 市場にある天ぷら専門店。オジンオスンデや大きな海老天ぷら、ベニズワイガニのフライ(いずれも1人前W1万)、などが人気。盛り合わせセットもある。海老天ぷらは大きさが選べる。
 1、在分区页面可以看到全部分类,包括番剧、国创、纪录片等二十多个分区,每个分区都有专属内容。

************

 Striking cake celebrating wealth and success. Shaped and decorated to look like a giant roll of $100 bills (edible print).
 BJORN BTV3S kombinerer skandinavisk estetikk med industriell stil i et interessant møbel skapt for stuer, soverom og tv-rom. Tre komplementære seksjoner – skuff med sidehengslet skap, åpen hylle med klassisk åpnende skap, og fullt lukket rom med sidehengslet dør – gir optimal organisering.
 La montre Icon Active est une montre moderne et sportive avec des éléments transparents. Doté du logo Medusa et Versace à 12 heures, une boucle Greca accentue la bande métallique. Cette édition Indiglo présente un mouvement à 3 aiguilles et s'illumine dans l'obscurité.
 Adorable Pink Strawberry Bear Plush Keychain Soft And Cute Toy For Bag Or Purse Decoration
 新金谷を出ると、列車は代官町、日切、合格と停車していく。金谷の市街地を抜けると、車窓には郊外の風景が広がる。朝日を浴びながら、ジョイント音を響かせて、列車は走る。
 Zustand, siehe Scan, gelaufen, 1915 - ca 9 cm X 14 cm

************

[TASK GOAL] Reprint exactly the lines above that start at the one with "市場にある天ぷら専門店。オジ" and end at the one with "1、在分区页面可以看到全部分", keeping both and adding none.

[EXERCISE ANSWER]
 市場にある天ぷら専門店。オジンオスンデや大きな海老天ぷら、ベニズワイガニのフライ(いずれも1人前W1万)、などが人気。盛り合わせセットもある。海老天ぷらは大きさが選べる。
 1、在分区页面可以看到全部分类,包括番剧、国创、纪录片等二十多个分区,每个分区都有专属内容。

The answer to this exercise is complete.